Traditional Kazakh cuisine revolves around lamb and horse meat, as well as a variety of dairy milk products. For hundreds of years, Kazakhs were herders who raised fat-tailed sheep, Bactrian camels, and horses, relying on these animals for transportation, clothing, and food. The cooking techniques and major ingredients have been strongly influenced by the nation's nomadic way of life. For example, most cooking techniques are aimed at long-term preservation of food. There is a large practice of salting and drying meat so that it will last, and there is a preference for sour milk, as it is easier to save in a nomadic lifestyle.

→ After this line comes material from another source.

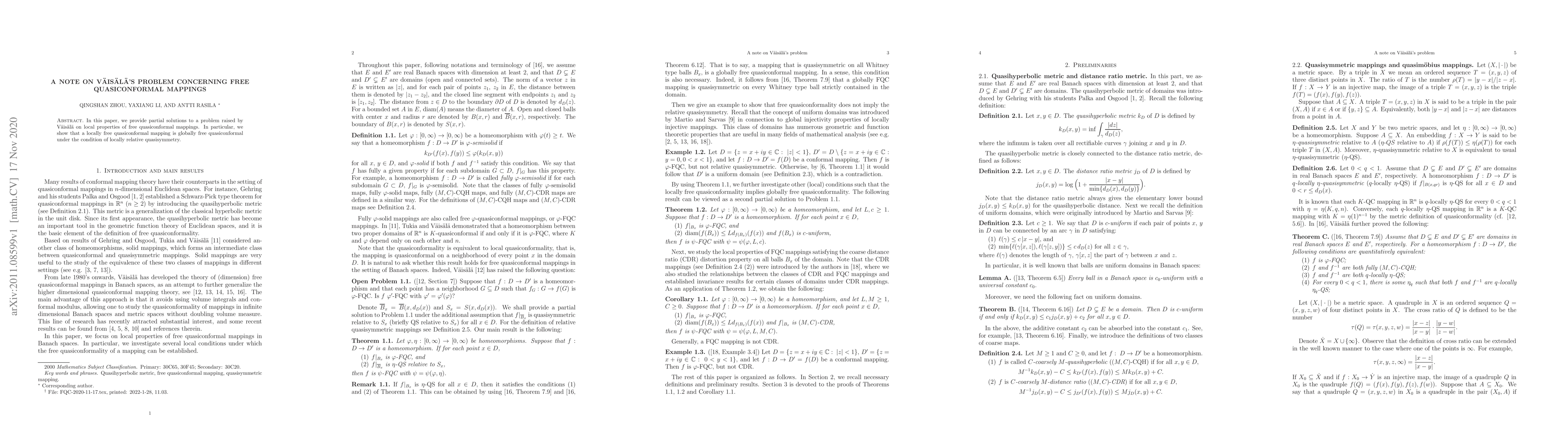 In this paper, we provide partial solutions to a problem raised by V\"ais\"al\"a on local properties of free quasiconformal mappings. In particular, we show that a locally free quasiconformal mapping is globally free quasiconformal under the condition of locally relative quasisymmetry.

In recent years, there has been an influx of young westernised Kazakh chefs into the heart of Astana, including the now famous Rania Ahmed who spent her early years training in West London's Michelin Star restaurants. This has resulted in a new breed of cuisine which blends traditional savoury Kazakh dishes with European fast food, such as betinjantabs, proving very popular with younger generations.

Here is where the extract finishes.